Mesmo tendo seu pai como dono de uma concessionária e podendo conseguir um carro com certa facilidade, a hora já era avançada e ele tinha que chegar na gravadora às 9:00h, com isso, após terminarem de se arrumar, eles acabaram pedindo um carro pelo aplicativo de celular. Atrasado e estressado, Jonas discutia com Clara por qualquer bobeira, tanto que acabou nem se despedindo quando o carro a deixou na rodoviária. Ela esperava por um beijo de despedida, mas ele estava ocupado mandando mensagens para o representante da gravadora, com isso, seguiu ela seu caminho, triste, mas já acostumada com o Jonas versão "pistola".

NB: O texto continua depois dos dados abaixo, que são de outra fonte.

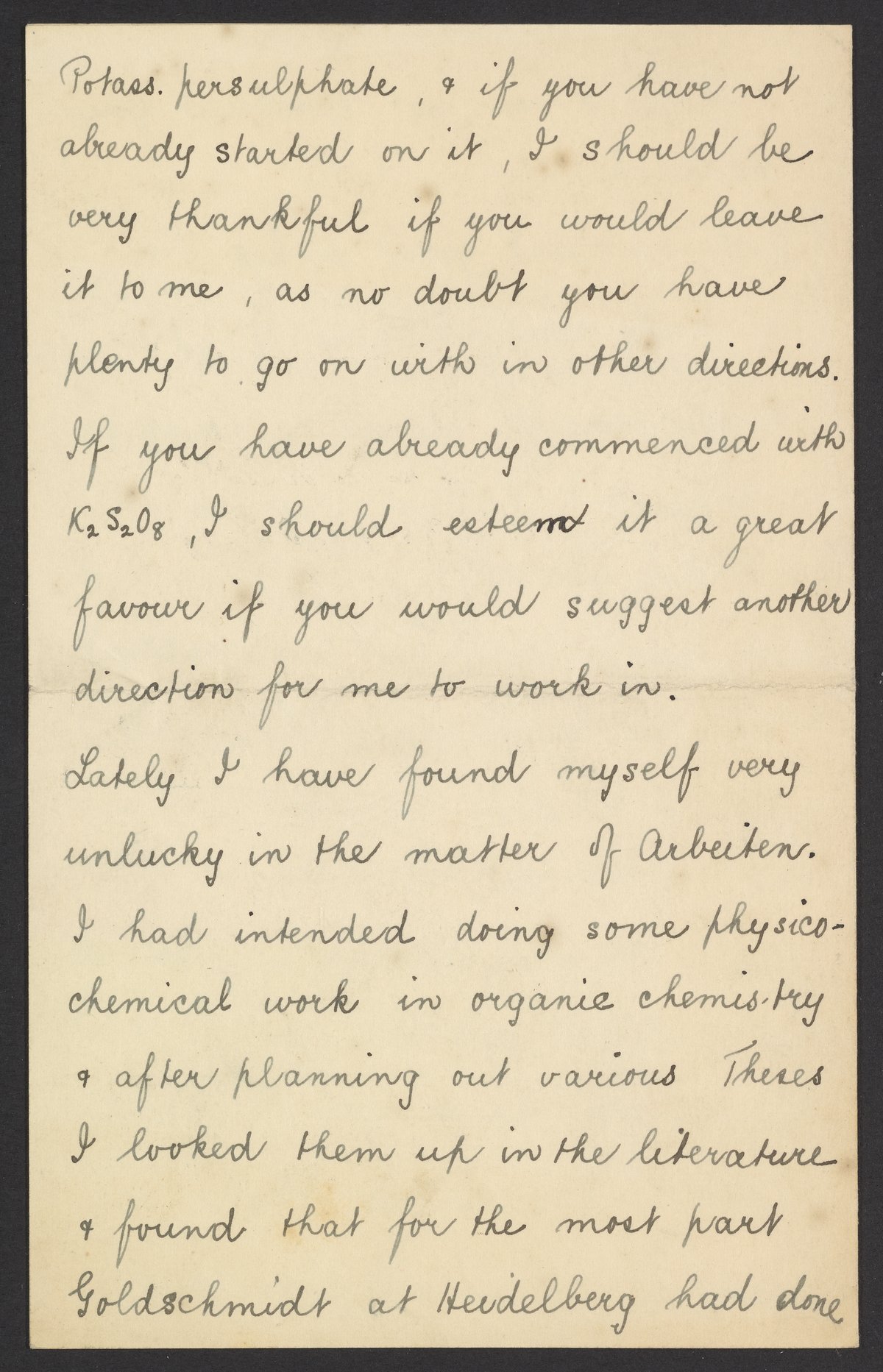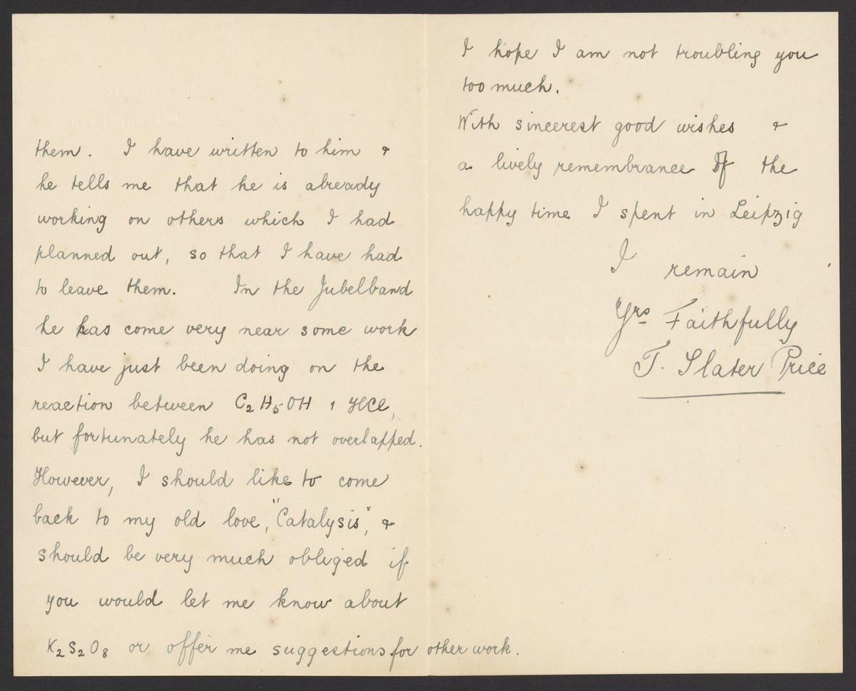 Small JPG1200 x 1877px — 252 KBFull-sized JPG2823 x 4416px — 1.3 MBOriginal fileTIFF — 2823 x 4416px — 35.7 MBLetter from Thomas Slater Price (1875-1949) to Georg Bredig (1868-1944). Price, a British chemist, expresses his interest in returning to work with catalysts and asks Bredig for advice.

Após um pequeno engarrafamento diário, com um pouco mais meia hora de atraso, chegou ele ao prédio comercial onde se encontrava a gravadora, chateado, estressado, desnorteado e muito preocupado com a possibilidade de todo esforço com a gravação de suas músicas ter sido em vão. Ao chegar na recepção do prédio, o porteiro após ligar para a gravadora e confirmar os dados de Jonas, logo tratou de acalmá-lo, ao dizer que a secretária havia dito que a pessoa com a qual ele havia marcado a reunião, também estava atrasada e ainda não havia chegado. Após dar essa confortante informação a Jonas, o porteiro pediu que ele fosse de encontro à secretária do Sr. João Oliveira no 8º andar, sala 807; essa notícia foi um alívio para ele, que pôde relaxar, ainda que por breves minutos.
Jonas, era um rapaz bonito, tinha 1,80 m, pele morena, cabelo curto com corte em dia e embora não fosse musculoso, tinha um corpo esbelto, com isso, inevitavelmente a secretária assim que o viu entrar pela porta se interessou por sua formosura. Ao atendê-lo, ela olhava para ele de forma cobiçosa e ao terminar, sem a menor vergonha, começou a puxar assunto. Após minutos de conversa e flerte com a secretária, Jonas acabou cedendo e até mesmo passou o seu número de telefone para a mesma, embora sua consciência lhe dissesse que era errado, a sua carne e seu ego falavam muito mais alto. De repente, o telefone tocou, assustando-os e interrompendo-os; o flerte entre os dois era tão grande, que ambos nem perceberam a chegada da pessoa a qual aguardavam. A secretária, pediu que ele se preparasse, pois, o recado dado no telefone era: "Peça para que o rapaz me aguarde no estúdio."